R: So, I don’t have to make reinterpretations of Ellen White’s words to make her views fit those of others.

T: That's true. Her views fit those of Jones, Waggoner, and Prescott who she explicitly endorsed on the subject of Christ's human nature, and of Haskell, who she implicitly endorsed, so there's no need to make reinterpretations of her views. The idea that her views were somehow different than every other SDA who was preaching and writing on the subject contemporaneously is absurd.

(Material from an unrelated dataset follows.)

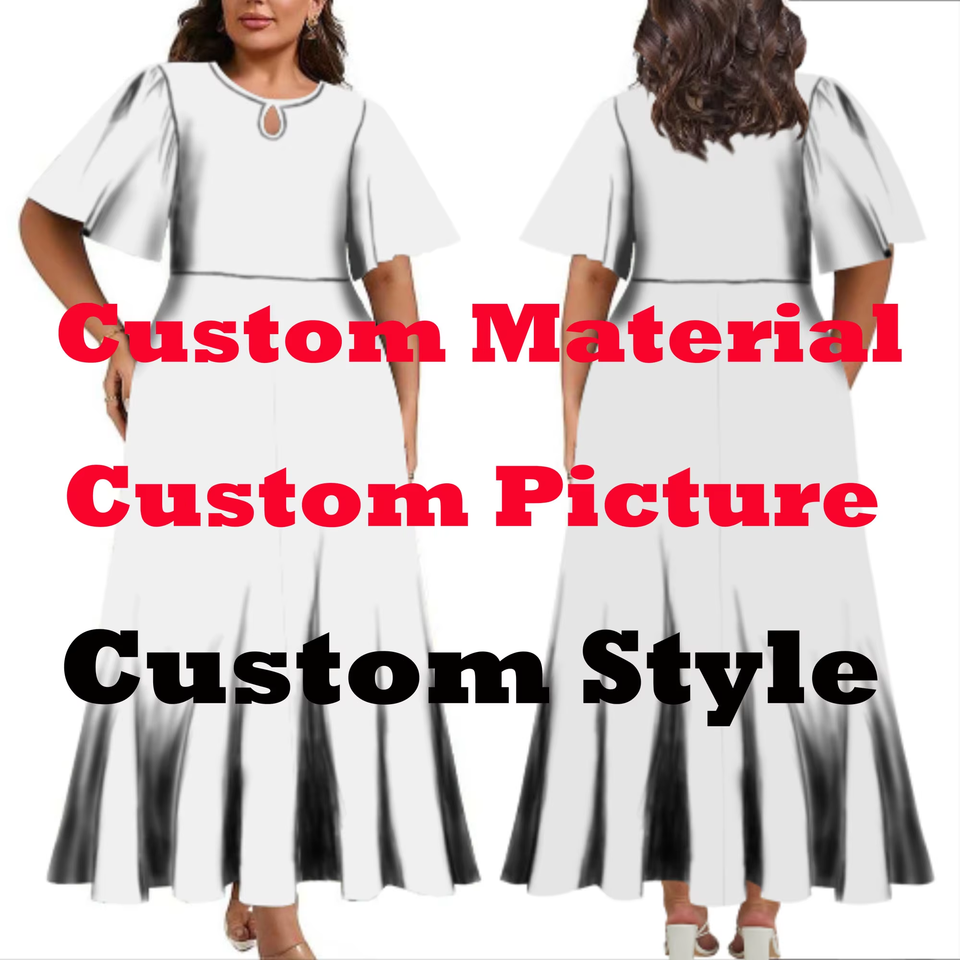 OEM customed Pacific Design a mezza manica svasata abito lungo plissettato con Design a goccia d'acqua Maxi abiti Casual da festa da donna

R: Whatever Ellen White meant by saying that Christ assumed our sinful nature, this of course excludes sinful propensities, and she is very clear about this.

T: Well of course. Christ never sinned. No SDA has held this position.

R: She says that while Adam’s posterity was born with inherent propensities of disobedience, not for one moment was there in Christ an evil propensity. (So propensities are something with which human beings are born).

T: Apparently Baker was teaching that Christ had sinned. She makes clear that Christ never sinned. Here's the paragraph:

quote:
Be careful, exceedingly careful as to how you dwell upon the human nature of Christ. Do not set Him before the people as a man with the propensities of sin. He is the second Adam. The first Adam was created a pure, sinless being, without a taint of sin upon him; he was in the image of God. He could fall, and he did fall through transgressing. Because of sin, his posterity was born with inherent propensities of disobedience. But Jesus Christ was the only begotten Son of God. He took upon Himself human nature, and was tempted in all points as human nature is tempted. He could have sinned; He could have fallen, but not for one moment was there in Him an evil propensity. He was assailed with temptations in the wilderness, as Adam was assailed with temptations in Eden.
I put in bold the comments which clarify the argument that Christ did not sin, unlike Adam, who did. Apparently Baker was teaching that because Christ took our nature, He sinned. But while Christ took our heredity, He never sinned. That's EGW's point. See how she says "He could have sinned; He could have fallen, but not for one moment was there in Him an evil propensity." i.e., this is equivalent: "He could have sinned; He could have fallen, but He didn't." To take this as meaning "He could have sinner; He could have fallen, but not for one moment was there a bad gene in Him" is non-sensical both in terms of being a sentence which makes sense, and in context, where she is arguing that Christ never sinned. We simply don't say "Never for one moment was there is so-and-so a bad gene." This would imply that having a bad gene is something dependent on time. Sinning is something which one can do at one time, while not at another. Having a bad gene is not. Either you have it, or you don't. It doesn't make sense to qualify it with the phrase "not for one moment". The statement would simply by: "He could have sinned; He could have fallen, but He didn't inherit any evil propensities." This would be a logical sentence, although it would contradict her use of the phrase "evil propensities" which always has to do with sinning, not heredity.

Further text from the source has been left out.